**RECORD SET**
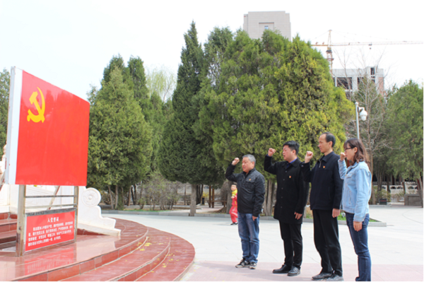 图为执法监察办公室党支部在会师纪念塔下重温入党誓词。
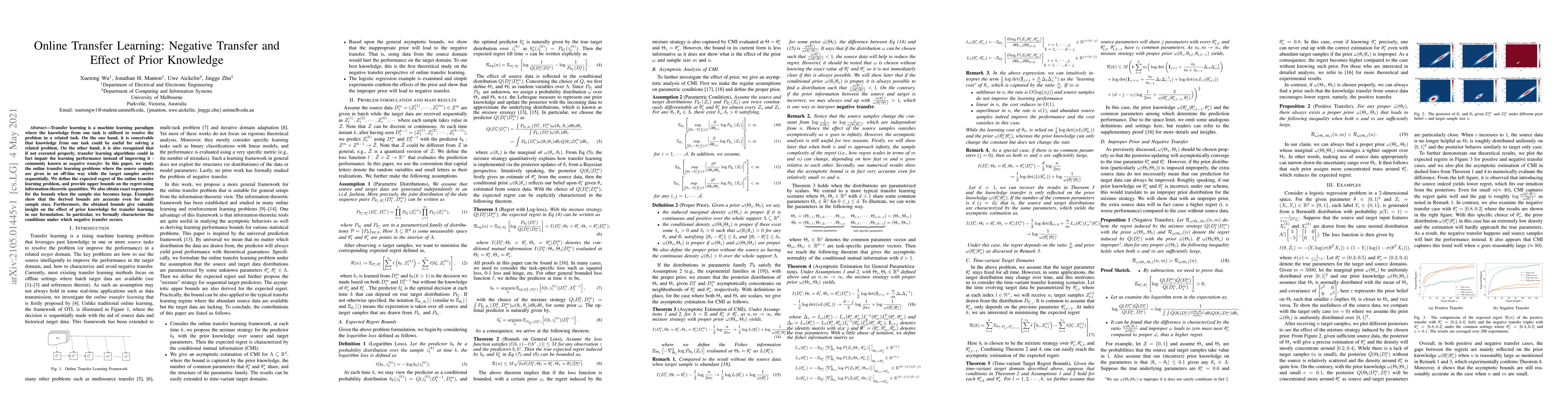 This paper studies online transfer learning, exploring how knowledge from one task can improve or impair performance in a related task. It provides bounds on regret using information-theoretic quantities and characterizes conditions for negative transfer.
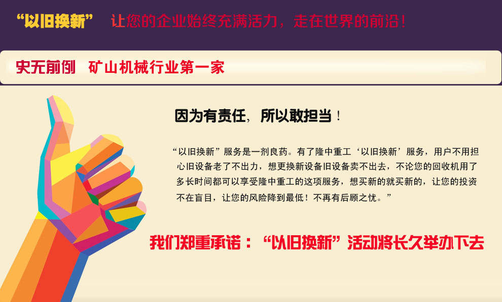 10、保证以旧换新的设备是隆中重工正品全新先进设备。
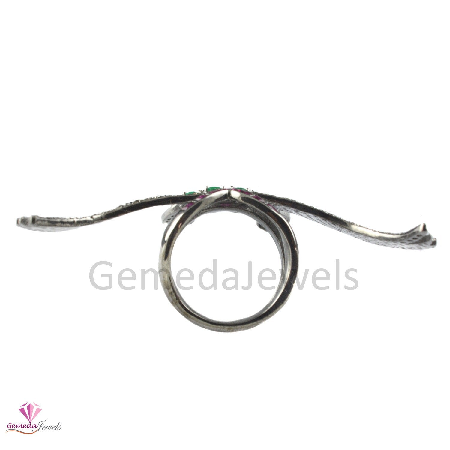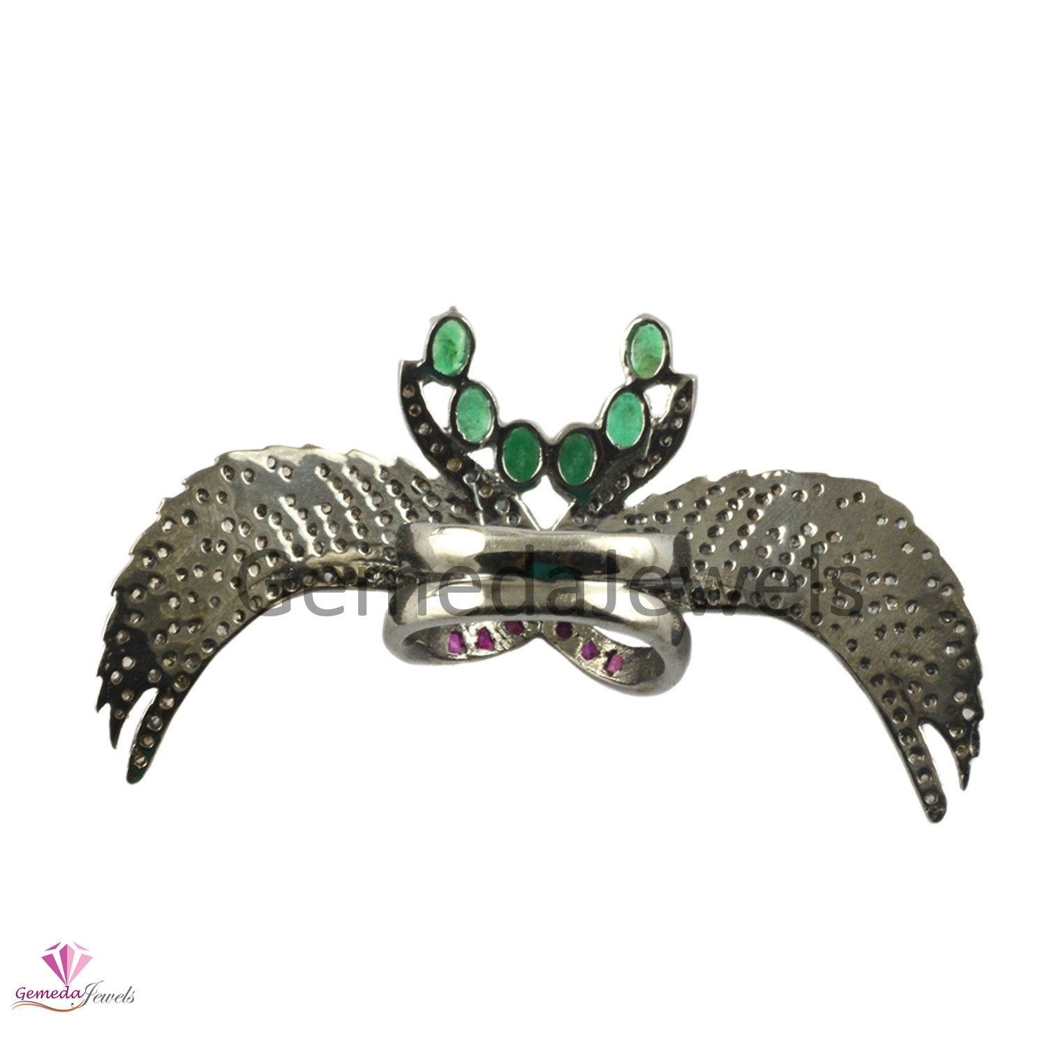 Real Ruby Gemstone 1.78 CTS Natural Pave Diamond Wing Ring Solid 925 Silver Emerald Gemstone Jewelry, Gemstone Silver Ring, Gift For Her
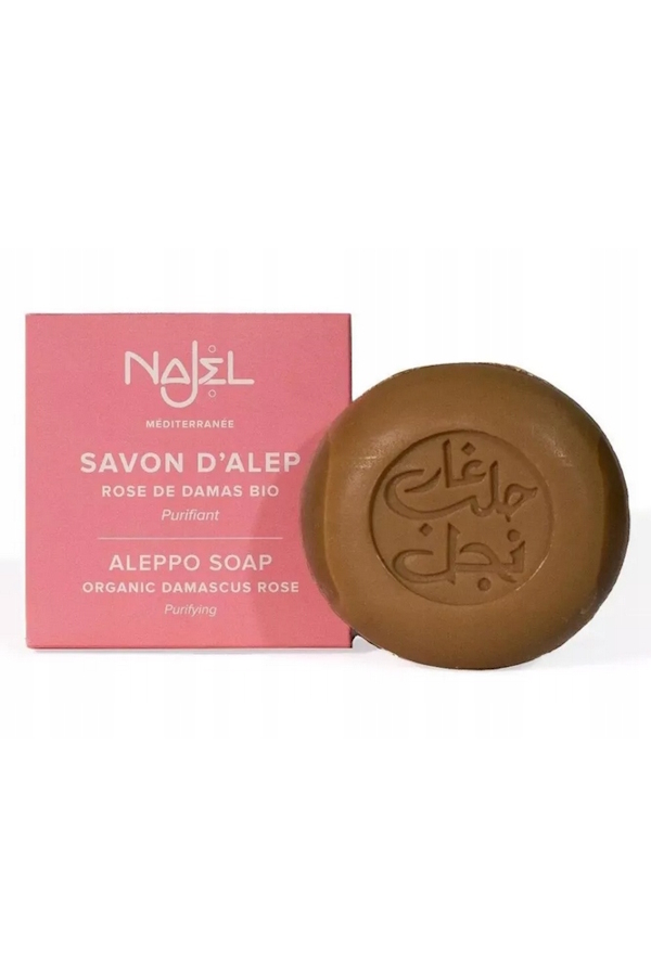 NAJEL Mydło z Aleppo 12% oleju laurowego z różą damasceńską bio 100gMydło Aleppo jest wytwarzane na bazie oliwy z oliwek z dodatkiem oleju laurowego (12%), dlatego nie powoduje alergii, a używane regularnie łagodzi wysuszenia skóry i pozostawia ją dobrze nawilżoną. Nie jest perfumowane, naturalnie pachnie olejem laurowym i oliwa z oliwek.
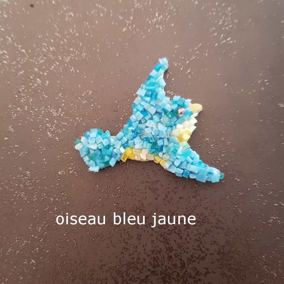oiseau bleu jaune : +/- 8 x 8 cm
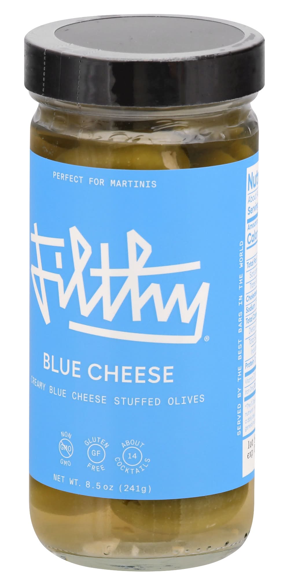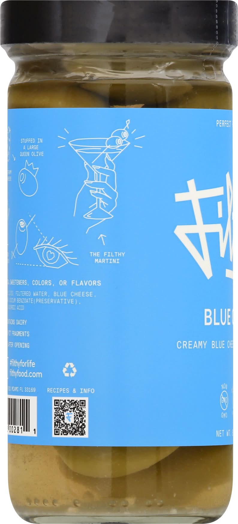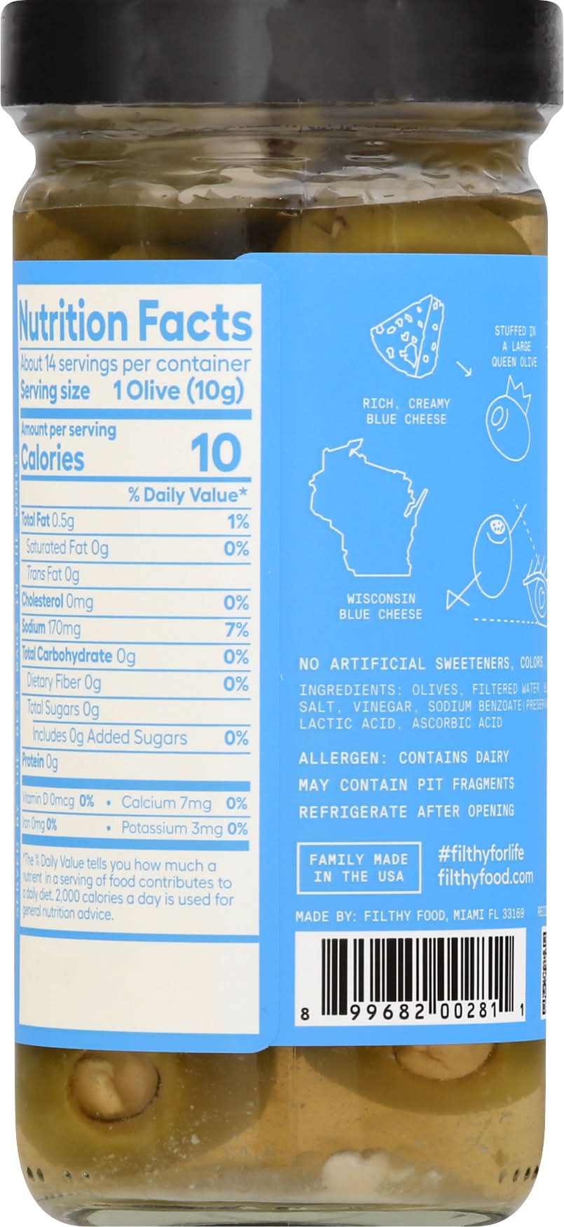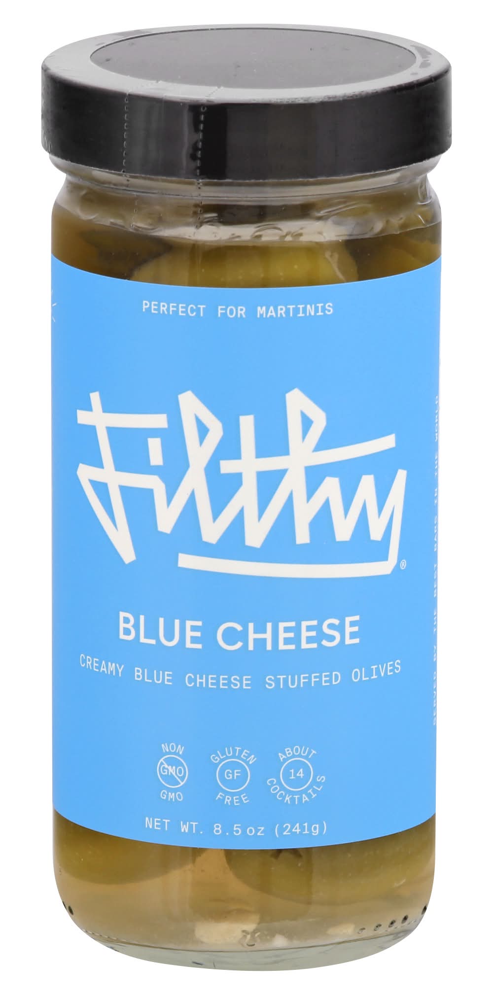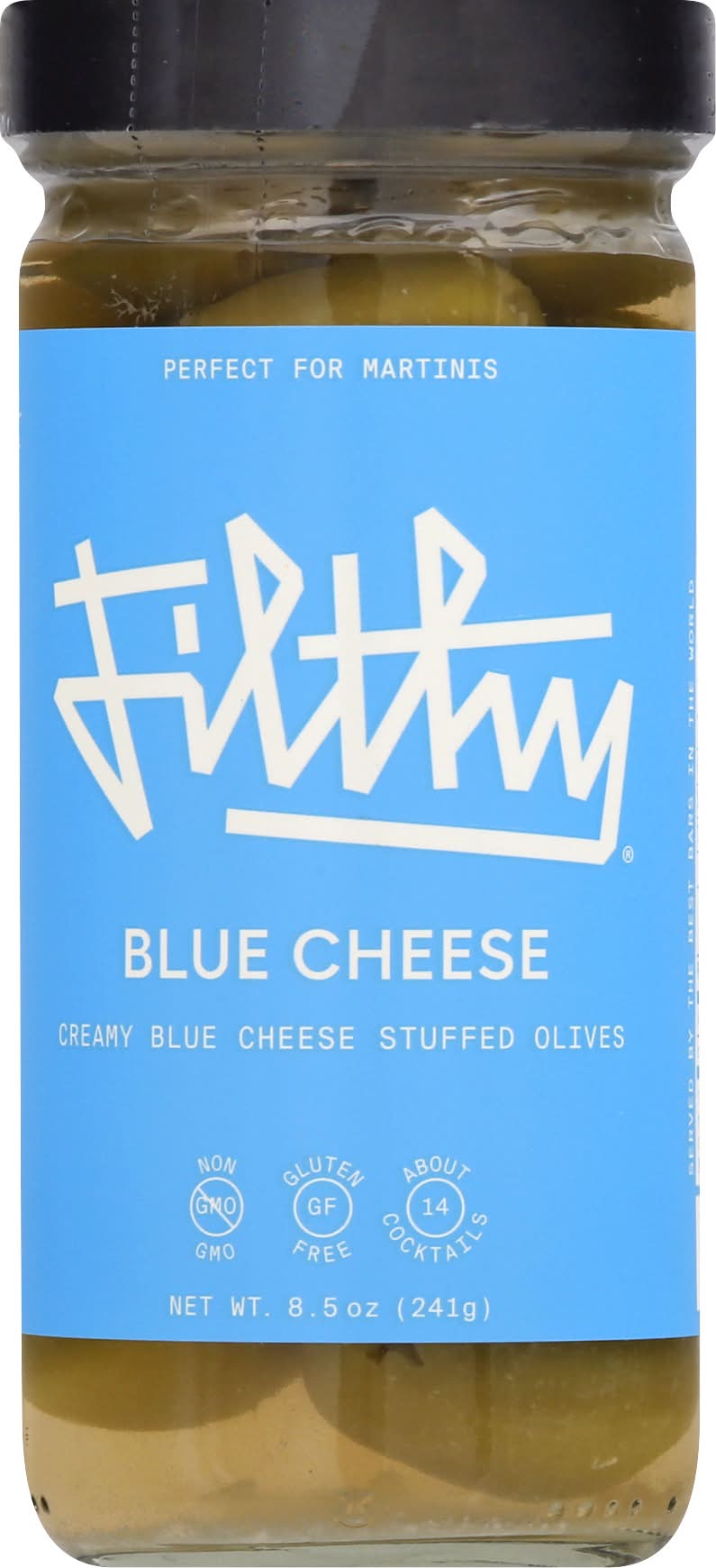 Creamy blue cheese stuffed olives. No artificial sweeteners, colors, or flavors. Gluten free. Non GMO. Perfect for martinis. About 14 cocktails. Rich, creamy blue cheese. Stuffed in a large queen live. Wisconsin blue cheese. The filthy martini. Served by the best bars in the world. • Brand: Filthy • Flavor: Blue cheese • gluten-free, GMO-free • Filthy Foods, Miami, FL. • Packaging: Reusable
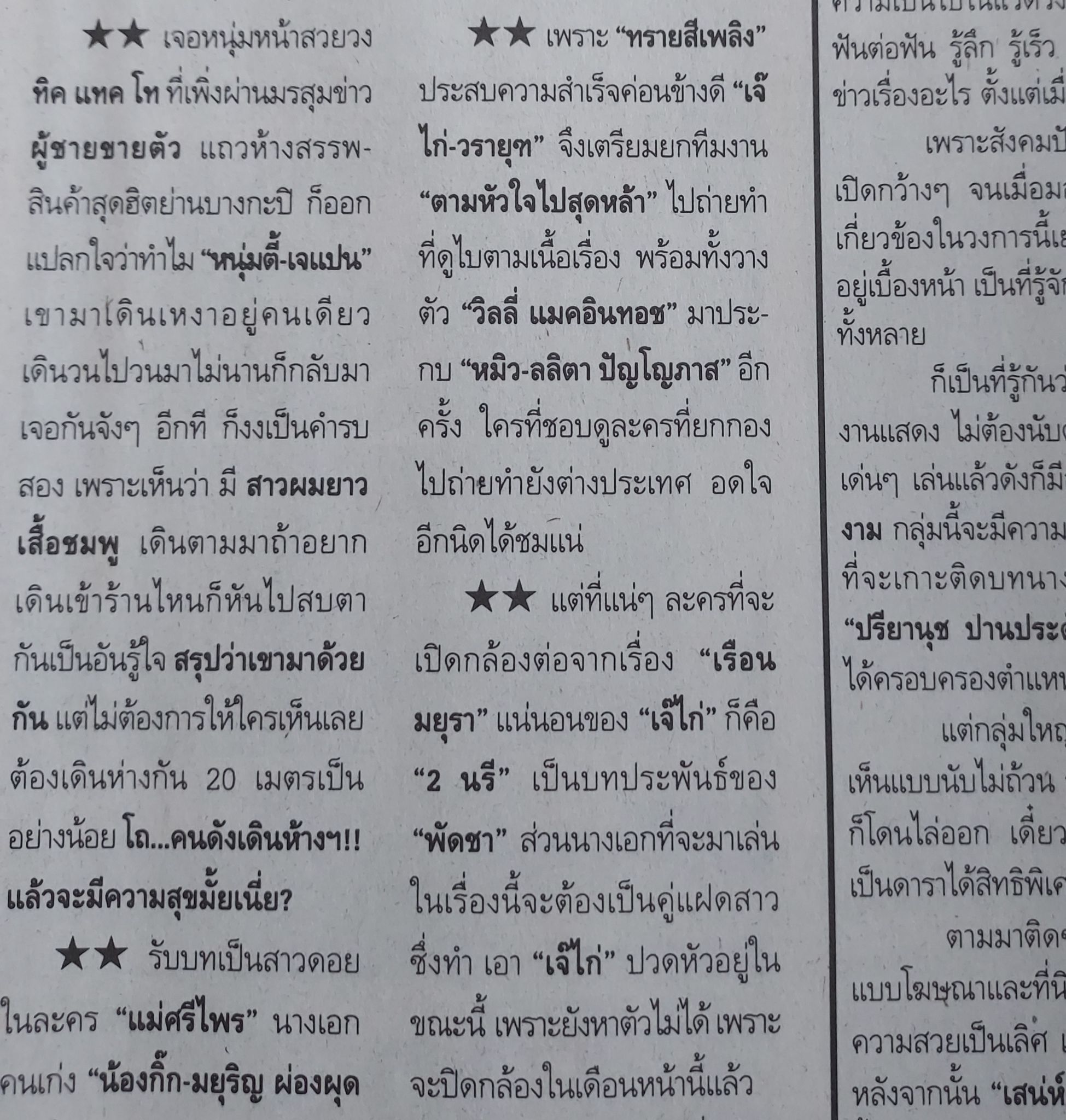 แต่จากเนื้อข่าวชิ้นนี้  ก็คงกระจ่างมากขึ้น  ว่านางเอกที่เคยถูกทาบทามคนนั้น  ต้องไม่ใช่ "หมิว-ลลิตา"  และ "แหม่ม-คัทลียา"  เพราะเจ๊ไก่ได้เตรียมละครเรื่อง "ตามหัวใจไปสุดหล้า" กับ "เรือนมยุรา" ไว้ให้ตามลำดับ
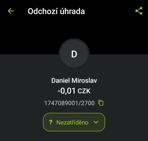 Poslat zprávupřidal/a skutečné jméno majitele účtu: Miroslav Daniel k bankovnímu účtu: 1747089001/2700
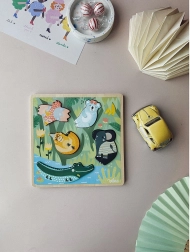 Michelle Carlslund dizains maigās pasteļkrāsās piešķir rotaļlietai pievilcīgu izskatu un rosina iztēli. Koka pamatne ar iedobumiem un dzīvnieku motīviem māca bērniem piesaistīt formas, atpazīt krāsas un dzīvniekus. Puzle ir izturīga, droša un izgatavota no kvalitatīva koka kombinācijā ar tekstilu.

**GOAL OF THE EXERCISE**
Reproduce the records exactly, starting with their first line and ending with the line that contains "Real Ruby Gemstone", though pictures should be dropped.

**TASK RESULT**
 图为执法监察办公室党支部在会师纪念塔下重温入党誓词。
 This paper studies online transfer learning, exploring how knowledge from one task can improve or impair performance in a related task. It provides bounds on regret using information-theoretic quantities and characterizes conditions for negative transfer.
 10、保证以旧换新的设备是隆中重工正品全新先进设备。
 Real Ruby Gemstone 1.78 CTS Natural Pave Diamond Wing Ring Solid 925 Silver Emerald Gemstone Jewelry, Gemstone Silver Ring, Gift For Her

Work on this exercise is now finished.